彼女の位置から見ると、僕は世界の一地方のクラスタに安住しようとしている人間に見えるんだろう。それは、あるていど気楽で、可能性の決まった世界だ。

google翻訳を使って、「よい旅を」と北京語で返した。

積年の謎の正体、臭豆腐

Stinky tofu
Photo: “Stinky tofu” 2012. Taiwan, Apple iPhone 4S.

僕は、その臭気を、頭の何処かで人間の死臭だと確信していた。

その甘い腐敗臭は、熱風のような温度を持っていた。その臭気が鼻に入ると、熱い温度を脳が感じた。

中国大陸の至る所で、かいだ臭い。北京の公衆トイレで、少し似た気配を感じた。

上海のとっちらかった屋台街でも、感じた。中国腸詰のような露店の辺りで嗅ぐことが多い気がして、暫くは腸詰を炙った臭いだと思っていた。でも、実際は腸詰はそんな匂いはしていなかった。

あれは、絶対、何かの死体だ。「甘くて不快な腐敗臭」人が腐った時の臭いの記述は、たいていこんな感じだ。ということは。。中国は、怖いところだ。そう思っていた。

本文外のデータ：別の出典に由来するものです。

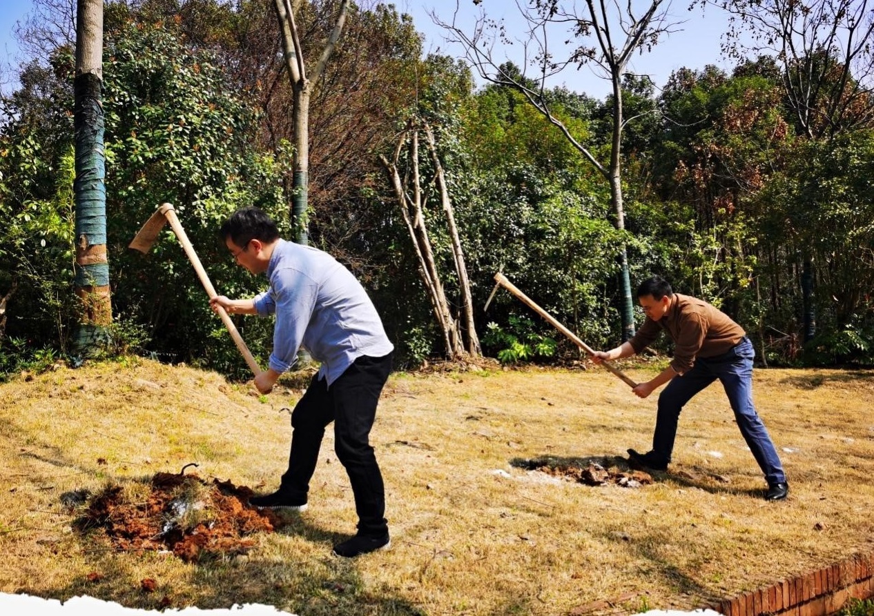 众人植树,树成林。在党员同志们的不懈努力下,一株株红叶石楠,一棵棵茶树小苗在植树草地上安了新家,沐浴在党性的春风细雨中茁壮成长。同志们纷纷在自己种下的树苗上挂上了自己签名的认养标志牌,都期盼它们早日枝繁叶茂。

台北。少し迷いながら辿り着いた、点心の有名店。時間のかかる小籠包のつなぎに、ちょっと気になっていた名物も一皿取ることにした。安かったし。

そして、唐突に現れたのだ、そいつは、まさに、その臭いをさせて皿の中に収まっていた。臭いは、臭気というよりも、やはり熱気として感じられた。

台湾名物、臭豆腐。

名前は知っていた。20年近く前に台北に来た時から、名前は知っていた。臭いものだと言う事も知っていた。公衆トイレの臭いに近いとも書いてあった。だから自分から近寄ることはなかった。しかし、まさか、こいつがアレの正体だったのか。


今まで、自分の意志に反して、何かを食べられなかったことは無い。たいていの、まずい、変なものも食べてきた。でも、これは無理だ。不快を承知の表現で言うならば、目の前の丼に、ウンコが盛ってあるぐらいに無理だ。暫く逡巡した。しかし。

臭豆腐、箸の先についた一片を食べることもできなかった。